Sports documentaries are generally allowed to make some assumptions. Talk about baseball, football, basketball, hockey, or soccer can gloss over the structural details and rulebooks because those coming to watch a story about a certain player or team are already fans of the game itself. When you move into a fringe sport in the vein of foosball, however, filmmakers like Joe Heslinga can’t afford that luxury. So he and writer Mike Wagstaffe must find a balance between the personalities of the top players, the history that led to where things are today, and the sport itself. They must dive deep and provide evidence that foosball had million dollar purses in the seventies because I wouldn’t have believed that truth without proof. It wasn’t always a recreational bar game.
Just saying that seems weird these days considering it’s not even that anymore—at least not in my neighborhood. We have billiards, darts, and the occasional table shuffleboard set-up. Until my uncle bought one a couple years back, though, I hadn’t seen a foosball table in over two decades. So when Heslinga’s Foosballers opens up with Tony Spredeman and his family talking like he earns his living by playing around the world, I had to laugh. Hearing about Ryan Moore’s cannabis dispensary, Robert Mares’ awning company, Terry Rue’s anesthesia practice, and Cindy Head’s law enforcement career made more sense because it resituated the game as a hobby. Shifting towards Todd Loffredo (doubles champion at seventeen in 1977) and rewinding forty odd years then brought necessary context.
It’s through Todd’s longevity that we meet some of the game’s retired greats including Lee Peppard, the man who built this European phenomenon into the eighth largest sport in America during the 1970s. From that heyday of game rooms letting kids of all ages and backgrounds learn a quarter at a time to the advent of videogames putting foosball to pasture with higher profit margins and cheaper upkeep, we get a crash course in the roller coaster journey that’s ultimately led us to the current International Foosball Promotions’ Tornado Championships. Loffredo is therefore positioned as a living legend—the one pioneer who stuck with it and remains a top player five decades since his start. The purses have depleted more than a hundredfold, but his love never wavered.

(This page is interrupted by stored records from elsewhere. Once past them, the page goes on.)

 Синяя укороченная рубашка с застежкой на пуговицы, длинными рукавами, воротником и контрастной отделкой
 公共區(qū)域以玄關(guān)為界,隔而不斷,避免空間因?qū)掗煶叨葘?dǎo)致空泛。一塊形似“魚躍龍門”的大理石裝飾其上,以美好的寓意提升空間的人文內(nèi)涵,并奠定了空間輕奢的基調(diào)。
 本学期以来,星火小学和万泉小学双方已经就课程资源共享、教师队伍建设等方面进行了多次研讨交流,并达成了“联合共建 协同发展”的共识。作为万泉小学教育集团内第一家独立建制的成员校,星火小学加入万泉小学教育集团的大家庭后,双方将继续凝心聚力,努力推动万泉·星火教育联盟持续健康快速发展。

That emotion becomes the driving force behind the film because you don’t become a professional foosball player without passion. The athletes Heslinga interviews all possess it even if many have had to let that dream die in order to find “real” jobs instead. Some got into the game because their parents played (Moore’s mother Mary runs the IFP and Tony’s father toured around the country) while others did so on a lark (Mares started on a derelict table his local arcade was raffling off to make space). Of everyone we hear from, the six mentioned above (Tony, Ryan, Robert, Terry, Cindy, and Todd) are currently on what constitutes a circuit and thus preparing for the latest championship in Kentucky by honing their snake and pull shots.
The first hour is dedicated to this period with the regular injection of historical context via tragedy and/or against all odds elation. Mares shows off his trophy room and explains how he can’t choose just one as the “best” (stick around during the credits for a hilarious call back to this scene). Loffredo details his meticulous training regimen of marking his table to pick apart opponents’ defenses. And Rue introduces his family of champions with wife Keisha and daughter Sullivan each having trophies to their names. Add Cindy’s background as a forty-time world victor with Tony playing for an undefeated season and the storylines are plenty and intriguing. By the time the tournament begins (the final thirty minutes), it’s difficult to cope with knowing only one can win.

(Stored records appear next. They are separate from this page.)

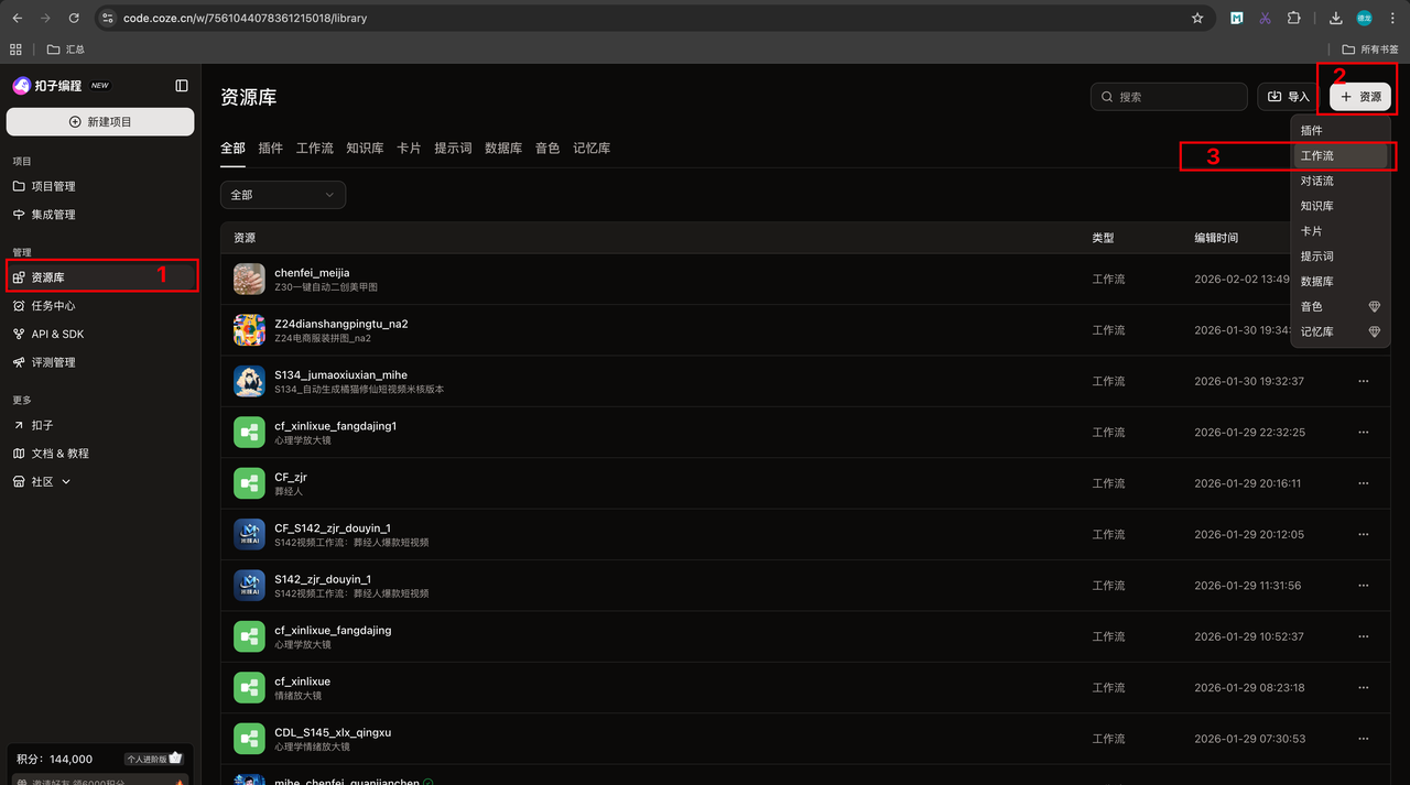 2、点击 “扣子编程->个人空间 ->资源库-> 资源->工作流”
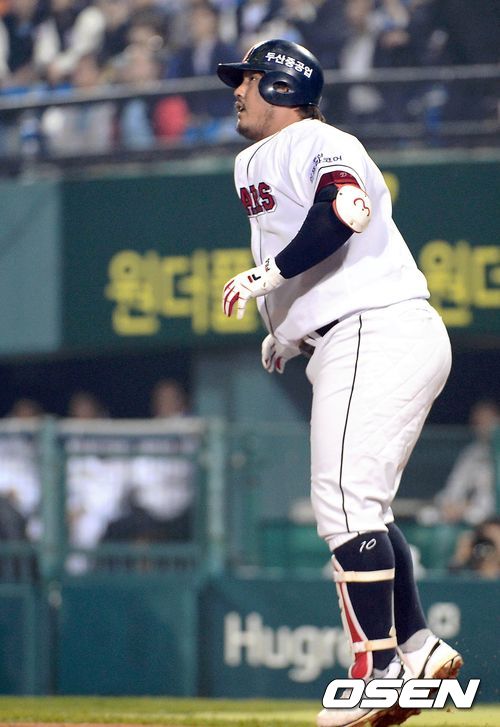 29일 오후 서울 잠실구장에서 열리는 '2013 한국야쿠르트 세븐 프로야구' 한국시리즈 5차전 두산 베어스와 삼성 라이온즈의 경기, 2회말 무사 최준석이 솔로 홈런을 치고 타구를 바라보고 있다.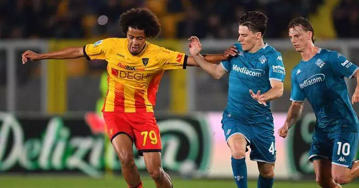 2026年4月20日周一,意大利萊切,萊切球員奧馬艾高姆(Oumar Ngom,左)與費倫天拿球員尼高路法基奧利(Nicolò Fagioli,中)在意大利意甲足球賽事中,與費倫天拿對陣。(美聯社圖片/Giovanni Evangelista/LaPresse) AP圖片

It’s also completely captivating, though, since we have no clue how it all shakes out. Six-time runner-up Mares looks to finally take the crown while Tony seeks to tie the world record for most men’s IFP single’s titles. Terry hopes to transfer his previous year’s win in doubles (with Mares no less) to the singles bracket while Cindy tries to extend her domination of the sport against young up-and-comers. Ryan is desperate to step out of Tony’s shadow and become world number one while Todd continues to defy the odds despite newer athletes speeding the game up like he couldn’t imagine back in the day. And since they’re all the best of the best, we know they’ll have to beat each other to advance. The suspense is real.
Credit Heslinga and his subjects for this because they each endear themselves and the game to the audience. It would have been easier to put together a pure biography of the sport, but you’d lose the excitement and enthusiasm these current masters all bring. They feel like a family (when not head-to-head at a table with money on the line) because they know how precarious this ecosystem is. While players like Frédéric Collignon in Europe have been able to maintain interest due to the continent’s love of all things soccer, Americans must be selective since keeping their skills up can’t interfere with keeping their mouths fed. Like Terry says later on, though, it’s worth it to say you’re the first/second/third best in the world. That carries weight.
Foosballers played at the Buffalo International Film Festival.